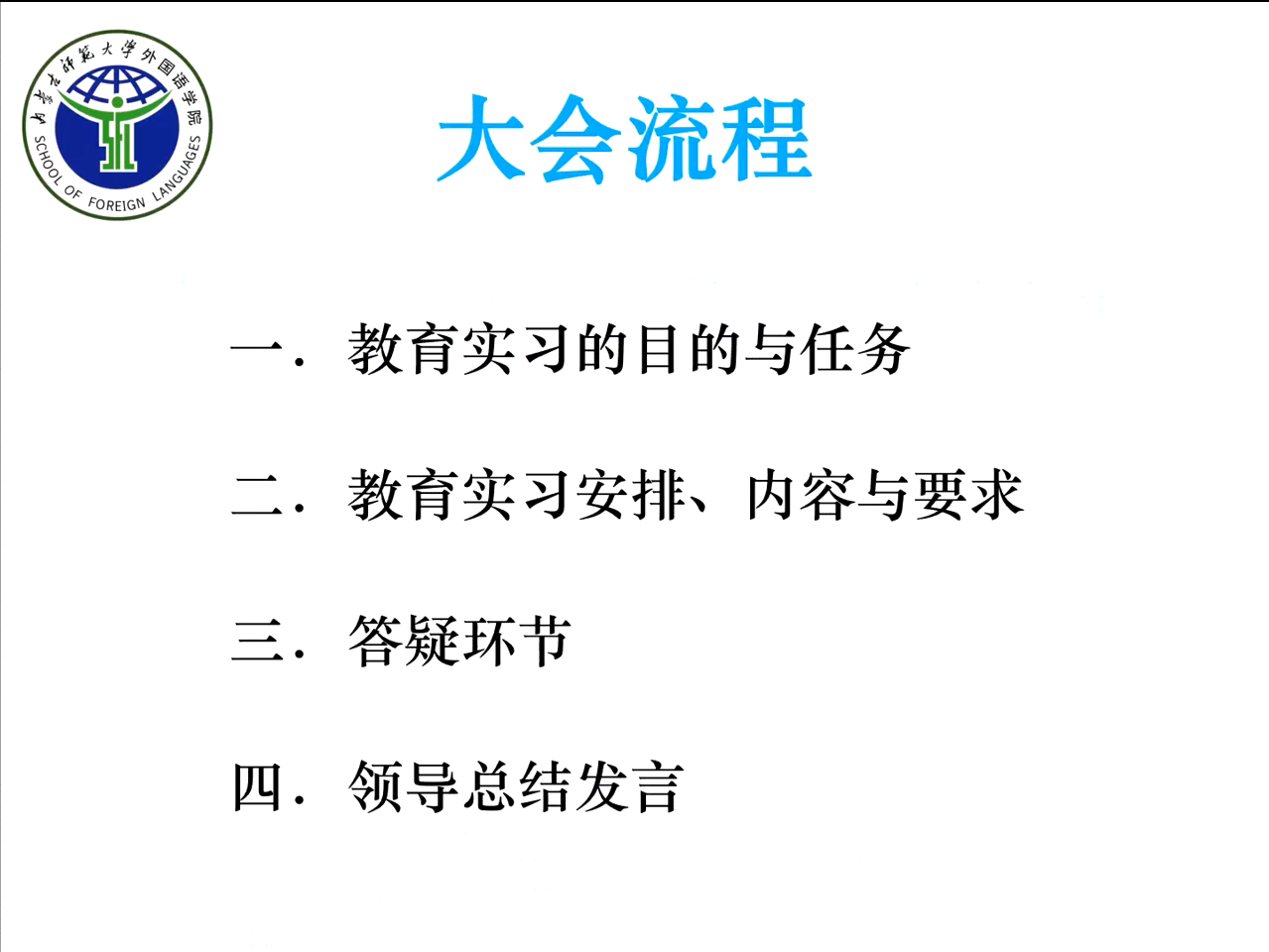 那日苏副院长在发言强调了实习纪律,也表达了对实习生们的殷切期待。她指出,实习生实习期间须以一名成年人的身份严以律己,同时也须以一名实习生的身份完成实习任务,悉心听取指导教师的建议和意见;希望实习生们认真学习教育部最新发布的教师行为规范文件,注意教师话语的得体性,多听多看、少说多做,严格遵守实习学校和金年会官网、金年会官网的各项规章制度。
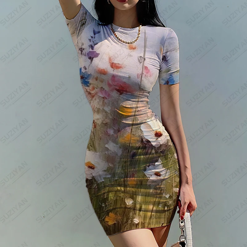 Летнее женское приталенное платье, женское платье с цветочным 3D принтом, стильное приталенное платье с рисунком маслом, Трендовое модное женское приталенное платье
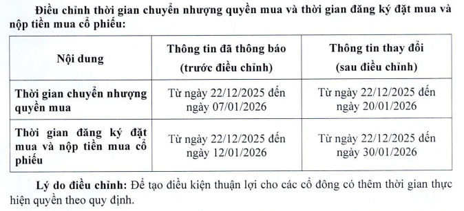 Theo đó, thời gian chuyển nhượng quyền mua từ 22/12/2025 - 07/01/2026 sẽ được nới đến ngày 20/01/2026, trong khi thời gian đăng ký đặt mua và nộp tiền mua từ 22/12/2025 - 12/01/2026 được kéo dài đến 30/01/2026. Lý do điều chỉnh nhằm tạo điều kiện thuận lợi cho các cổ đông có thêm thời gian thực hiện quyền.
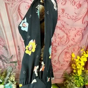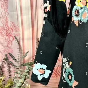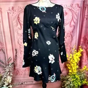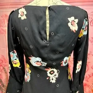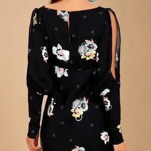 Washed black woven fabric holds a dreamy pink, sage green, yellow, and grey floral print over a bateau neckline, and long slit sleeves with fitted cuffs.
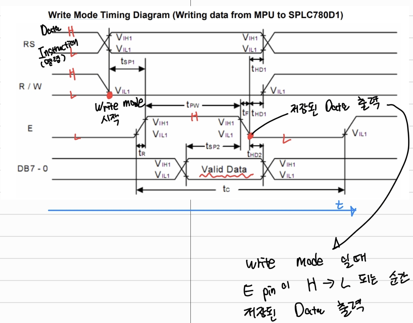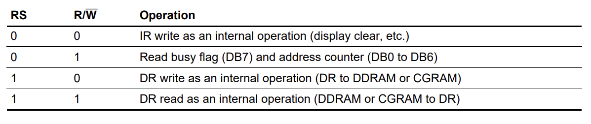→ 위 표와 같이 문자가 CGROM에 저장되어 있고 저장된 문자를 DDRAM을 통해 화면에 출력
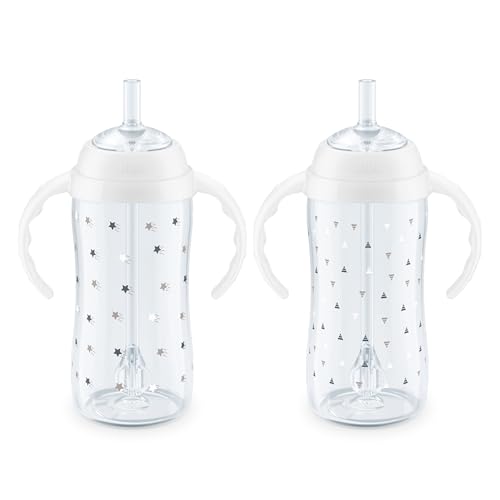 {"about_product": ["Features a 100% Soft Silicone Weighted Straw: Follows liquid in the cup, allowing drinking from any angle.", "Promotes Easy Transition: From bottle or soft spout sippy cup to sippy cup with straw.", "Includes Easy-Grip, Anti-Slip Handles: Removable as the baby grows and easy for baby to hold.", "Designed with a Soft Straw: Gentle on the gums and allows liquids to flow easily when sipped, preventing spills.", "Incorporates an Air Vent: Helps reduce the amount of air baby swallows, minimizing gas.", "BPA-Free and Dishwasher Safe: Ensures safety and promotes easy maintenance.", "Recommended for ages 8 Months and Up: Ideal for babies and toddlers as they start to transition to straw cups."], "product_description": "Allow your child to quench their thirst effortlessly with the NUK Learner Straw Cup. Designed ideally for ages 8 months and up, this cup is perfect for helping in the smooth transition from a bottle or sippy cup with a soft spout to a sippy cup with a straw. The 10 oz cup is equipped with a 100% soft silicone straw that adjusts according to the liquid level to allow drinking from any angle. Boasting an easy-grip, removable handle, this cup grows in sync with your baby. Crafted to be gentle on the gums, the straw also prevents spillage, keeping mess to a minimum. The unique air vent design helps to minimize gas ingestion. This BPA-free cup is also dishwasher safe for easy maintenance.", "product_information": {"UPC": "885131702609", "ASIN": "B0CLHGD922", "Size": "10 Ounces", "Brand": "NUK", "Color": "Blue", "Shape": "Round", "Style": "10 oz, 2-Pack", "Theme": "Baby", "Pattern": "Cup", "Unit Count": "1.0 Count", "Item Weight": "7.4 ounces", "Reusability": "Reusable", "Manufacturer": "Newell", "Number of Items": "1", "Special Feature": "Dishwasher Safe", "Material Feature": "Insulated", "Number of pieces": "2", "Best Sellers Rank": "#382 in Baby (See Top 100 in Baby) #14 in Toddler Cups", "Item model number": "2196367", "Batteries required": "No", "Material Type Free": "BPA Free", "Product Dimensions": "3\"W x 8.5\"H", "Included Components": "Lid", "Tick-repellent material": "Silicone", "Product Care Instructions": "Dishwasher Safe", "Recommended Uses For Product": "Home"}, "product_details": {"Brand": "NUK", "Color": "Blue", "Capacity": "10 Fluid Ounces", "Material": "Silicone", "Special Feature": "Dishwasher Safe"}}
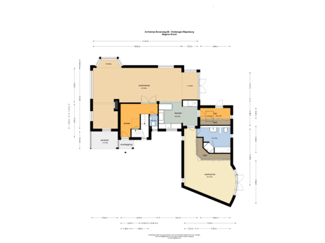 Bij binnenkomst word je direct verwelkomd in de prachtige, ruime entreehal met garderobe, trapopgang, de toegang naar de kelder en het toilet. De hal is een stijlvolle binnenkomer en geeft meteen een indruk van de sfeer en het karakter van de woning. De royale woonkamer met erker is een heerlijke leefruimte waar licht, ruimte en warmte samenkomen. De fraaie houten visgraatvloer, de haard en de hoge plafonds zorgen voor een uitnodigende, gezellige sfeer. Dankzij de ramen rondom en de openslaande deuren naar het terras bij de achtertuin vloeien binnen en buiten moeiteloos in elkaar over. De open keuken met een bar gedeelte is modern, functioneel en compleet ingericht met uitstekende inbouwapparatuur: een inductiekookplaat, vaatwasser, afzuigkap, oven, magnetron, warmhoudlade, koel-vriescombinatie en een Quooker-kraan. In de uitbouw op de begane grond is een royale tuingerichte kamer, die ideaal is als thuiswerkplek, speelkamer, hobbyruimte, praktijk aan huis of slaapkamer op de begane grond. Daarnaast is er een luxe badkamer met ligbad, wastafel, aparte doucheruimte en toilet. Dit maakt de woning toekomstbestendig. De bijkeuken met deur naar de achtertuin heeft veel kastruimte en hier kunnen eventueel ook de wasmachine en droger worden opgesteld.
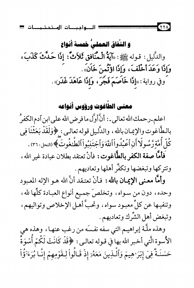 نام کتاب : الأصول الثلاثة وشروط الصلاة والقواعد الأربع وكتاب التوحيد وكشف الشبهات والواجبات المتحتمات والأربعون النووية نویسنده : محمد بن عبد الوهاب جلد : 1 صفحه : 228
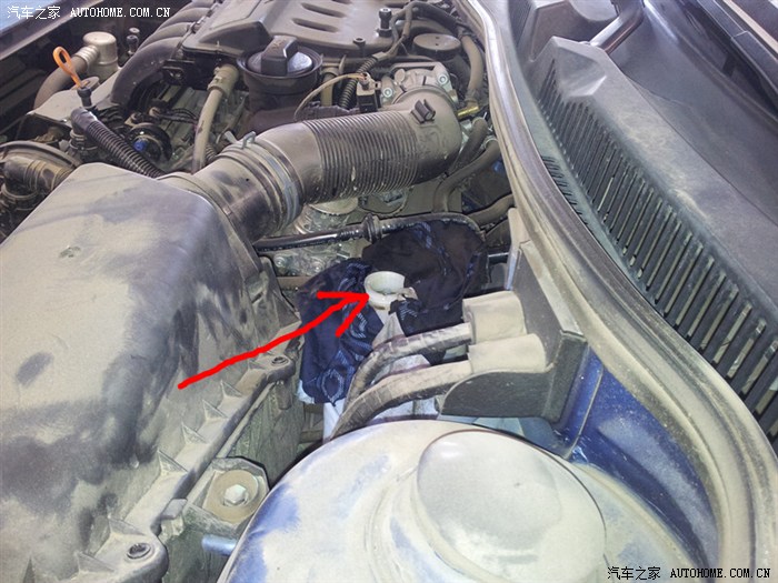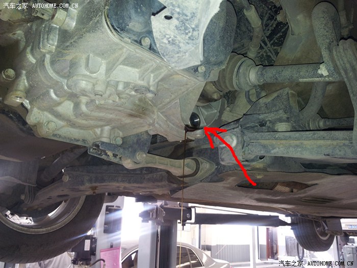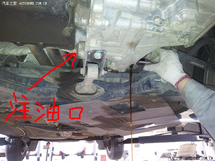 加变速箱油的位置就在它的对面,当时有事情耽搁了,没有拍下来(箭头所示的位置,用手动的压力泵打进去的)
#####
> _YOUR TASK_
Each entry above should be given again exactly, with its pictures omitted.

> _EXERCISE RESULT_
 那日苏副院长在发言强调了实习纪律,也表达了对实习生们的殷切期待。她指出,实习生实习期间须以一名成年人的身份严以律己,同时也须以一名实习生的身份完成实习任务,悉心听取指导教师的建议和意见;希望实习生们认真学习教育部最新发布的教师行为规范文件,注意教师话语的得体性,多听多看、少说多做,严格遵守实习学校和金年会官网、金年会官网的各项规章制度。
 Летнее женское приталенное платье, женское платье с цветочным 3D принтом, стильное приталенное платье с рисунком маслом, Трендовое модное женское приталенное платье
 Theo đó, thời gian chuyển nhượng quyền mua từ 22/12/2025 - 07/01/2026 sẽ được nới đến ngày 20/01/2026, trong khi thời gian đăng ký đặt mua và nộp tiền mua từ 22/12/2025 - 12/01/2026 được kéo dài đến 30/01/2026. Lý do điều chỉnh nhằm tạo điều kiện thuận lợi cho các cổ đông có thêm thời gian thực hiện quyền.
 Washed black woven fabric holds a dreamy pink, sage green, yellow, and grey floral print over a bateau neckline, and long slit sleeves with fitted cuffs.
→ 위 표와 같이 문자가 CGROM에 저장되어 있고 저장된 문자를 DDRAM을 통해 화면에 출력
 {"about_product": ["Features a 100% Soft Silicone Weighted Straw: Follows liquid in the cup, allowing drinking from any angle.", "Promotes Easy Transition: From bottle or soft spout sippy cup to sippy cup with straw.", "Includes Easy-Grip, Anti-Slip Handles: Removable as the baby grows and easy for baby to hold.", "Designed with a Soft Straw: Gentle on the gums and allows liquids to flow easily when sipped, preventing spills.", "Incorporates an Air Vent: Helps reduce the amount of air baby swallows, minimizing gas.", "BPA-Free and Dishwasher Safe: Ensures safety and promotes easy maintenance.", "Recommended for ages 8 Months and Up: Ideal for babies and toddlers as they start to transition to straw cups."], "product_description": "Allow your child to quench their thirst effortlessly with the NUK Learner Straw Cup. Designed ideally for ages 8 months and up, this cup is perfect for helping in the smooth transition from a bottle or sippy cup with a soft spout to a sippy cup with a straw. The 10 oz cup is equipped with a 100% soft silicone straw that adjusts according to the liquid level to allow drinking from any angle. Boasting an easy-grip, removable handle, this cup grows in sync with your baby. Crafted to be gentle on the gums, the straw also prevents spillage, keeping mess to a minimum. The unique air vent design helps to minimize gas ingestion. This BPA-free cup is also dishwasher safe for easy maintenance.", "product_information": {"UPC": "885131702609", "ASIN": "B0CLHGD922", "Size": "10 Ounces", "Brand": "NUK", "Color": "Blue", "Shape": "Round", "Style": "10 oz, 2-Pack", "Theme": "Baby", "Pattern": "Cup", "Unit Count": "1.0 Count", "Item Weight": "7.4 ounces", "Reusability": "Reusable", "Manufacturer": "Newell", "Number of Items": "1", "Special Feature": "Dishwasher Safe", "Material Feature": "Insulated", "Number of pieces": "2", "Best Sellers Rank": "#382 in Baby (See Top 100 in Baby) #14 in Toddler Cups", "Item model number": "2196367", "Batteries required": "No", "Material Type Free": "BPA Free", "Product Dimensions": "3\"W x 8.5\"H", "Included Components": "Lid", "Tick-repellent material": "Silicone", "Product Care Instructions": "Dishwasher Safe", "Recommended Uses For Product": "Home"}, "product_details": {"Brand": "NUK", "Color": "Blue", "Capacity": "10 Fluid Ounces", "Material": "Silicone", "Special Feature": "Dishwasher Safe"}}
 Bij binnenkomst word je direct verwelkomd in de prachtige, ruime entreehal met garderobe, trapopgang, de toegang naar de kelder en het toilet. De hal is een stijlvolle binnenkomer en geeft meteen een indruk van de sfeer en het karakter van de woning. De royale woonkamer met erker is een heerlijke leefruimte waar licht, ruimte en warmte samenkomen. De fraaie houten visgraatvloer, de haard en de hoge plafonds zorgen voor een uitnodigende, gezellige sfeer. Dankzij de ramen rondom en de openslaande deuren naar het terras bij de achtertuin vloeien binnen en buiten moeiteloos in elkaar over. De open keuken met een bar gedeelte is modern, functioneel en compleet ingericht met uitstekende inbouwapparatuur: een inductiekookplaat, vaatwasser, afzuigkap, oven, magnetron, warmhoudlade, koel-vriescombinatie en een Quooker-kraan. In de uitbouw op de begane grond is een royale tuingerichte kamer, die ideaal is als thuiswerkplek, speelkamer, hobbyruimte, praktijk aan huis of slaapkamer op de begane grond. Daarnaast is er een luxe badkamer met ligbad, wastafel, aparte doucheruimte en toilet. Dit maakt de woning toekomstbestendig. De bijkeuken met deur naar de achtertuin heeft veel kastruimte en hier kunnen eventueel ook de wasmachine en droger worden opgesteld.
 نام کتاب : الأصول الثلاثة وشروط الصلاة والقواعد الأربع وكتاب التوحيد وكشف الشبهات والواجبات المتحتمات والأربعون النووية نویسنده : محمد بن عبد الوهاب جلد : 1 صفحه : 228
 加变速箱油的位置就在它的对面,当时有事情耽搁了,没有拍下来(箭头所示的位置,用手动的压力泵打进去的)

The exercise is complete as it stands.